1) firstly, randomly generating two parameters of width and height of a cutting area, and then randomly generating an upper left corner point of the cutting area, thereby obtaining the cutting area. The intersection ratio IoU of the clipping region and all the target boxes is calculated according to the following formula:

where area denotes an area of a frame, n denotes an intersection portion of two frames, and u denotes a union portion of two frames. If the minimum value IoU is less than a specified threshold (e.g. 0.5), it indicates that the overlap ratio of the cutting area and all the objects exceeds the specified threshold. If the condition is not met, repeatedly cutting for 50 times, and if the condition is not met, directly outputting the original drawing;

2) randomly generating two parameters of width and height of the extended picture, randomly generating an upper left corner point for placing a cutting area, filling the cutting area into the extended picture, and filling zero pixels in other parts;

3) randomly selecting one of the following five scaling modes: nearest neighbor interpolation, bilinear interpolation, pixel region correlation, bicubic interpolation in the 4 x 4 pixel domain and Lanczos interpolation in the 8 x 8 pixel domain, and scaling the expanded picture to a specified input resolution. And expanding and scaling after random cutting to generate more multi-scale targets, thereby enhancing the multi-scale expression of the model. In addition, if the test stage is the test stage, the step one is only to perform the current scaling part.

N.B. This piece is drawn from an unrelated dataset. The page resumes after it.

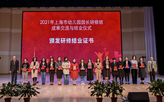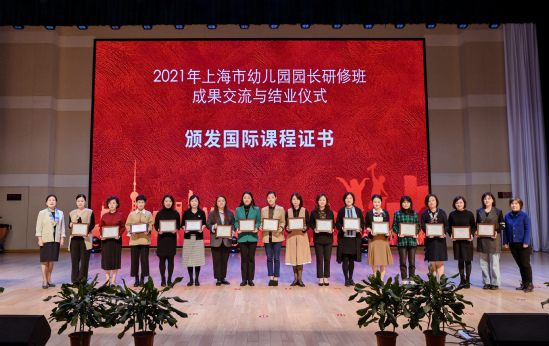 11月5日,2021年上海市幼儿园园长研修班成果交流与结业仪式在学校大礼堂成功举办。结业仪式上,来自16个区的上海市第五期骨干园长研修班,第二期初任园长研修班的144名成员们领取了研修结业证书、国际课程证书,44名园长被评为优秀学员。上海市教育委员会人事处副处长张瑾莅临指导。参加活动的还有来自兄弟院校和合作单位领导及专业负责人,学校董事会及党政监领导,学前教育学院教师代表。

Step two: the method for acquiring the characteristics f of high semantics, high details and large receptive field mainly comprises the following four parts:

1) taking ResNet-50 as an example, removing the final global average pooling and full connection layer, using the obtained global average pooling and full connection layer as a backbone network, and obtaining a feature map f with sufficient semantic information sampled by 32 times after the features of the input picture are extracted through the backbone network_c；

2) In parallel with the backbone network, a shallow convolution neural network is designedTo supplement the detailed information via the network. Specifically, the convolution, the batch normalization layer (BN) and the activation function (ReLu) are combined into one convolution module, a plurality of (for example 3) convolution modules are stacked, an input picture is subjected to 16-time down-sampling by using the pooling layer and then is input into the convolution module, and a feature map f for encoding rich detail information is obtained_d；

3) Due to f_cSpatial resolution less than f_dThus, f needs to be paired before fusion_cPerforming 2 times of upsampling, combining the pixel points at the same position into a 2 × 2 matrix by taking 4 channels as a group, and f after upsampling_cDoubling the resolution and quadrupleing the number of channels achieves the goal of using the channel information to complement the spatial resolution, followed by a 1 × 1 convolution to make f_c ^upAnd f_dThe number of channels is equal. Last pair f_c ^upMultiplication to f using Sigmoid operation_dIn the above way, the feature f with sufficient semantic information and detail information is obtained_cdThe whole process is shown as the following formula:

wherein W represents the weight of the 1 × 1 convolutional layer;

4) will f is_cdInputting the data into a multi-branch hole convolution module ASPP (asynchronous serial port protocol), and further improving the receptive field of the characteristics, so that high-quality characteristics f with sufficient semantic information, rich detailed information and sufficient receptive field are obtained;

step three: the method comprises the following steps of constructing a characteristic pyramid suitable for multi-scale target detection, and mainly comprising the following two parts:

1) in order to obtain an 8-time down-sampling feature map in a feature pyramid, 2-time up-sampling is carried out on f, feature maps of 4 adjacent channels are recombined into features with spatial resolution expanded by 2 times, and meanwhile, 1 × 1 convolution is utilized to ensure that the number of channels of an output feature map is unified to 256;

2) obtaining a feature map in the feature pyramid as large as the resolution of f by using a 3 multiplied by 3 convolution of 256 channels for f; for the feature map with the resolution less than f, taking a 64-fold downsampling feature map as an example, f needs to be obtained by performing 4-fold downsampling again, so that the feature map is obtained by using 3 × 3 convolution cascade with two step sizes of 2, and so on. The feature pyramid sets up 5 levels in total, and the largest scale is 8 times of down-sampling feature map, and the smallest scale is 128 times of down-sampling feature map.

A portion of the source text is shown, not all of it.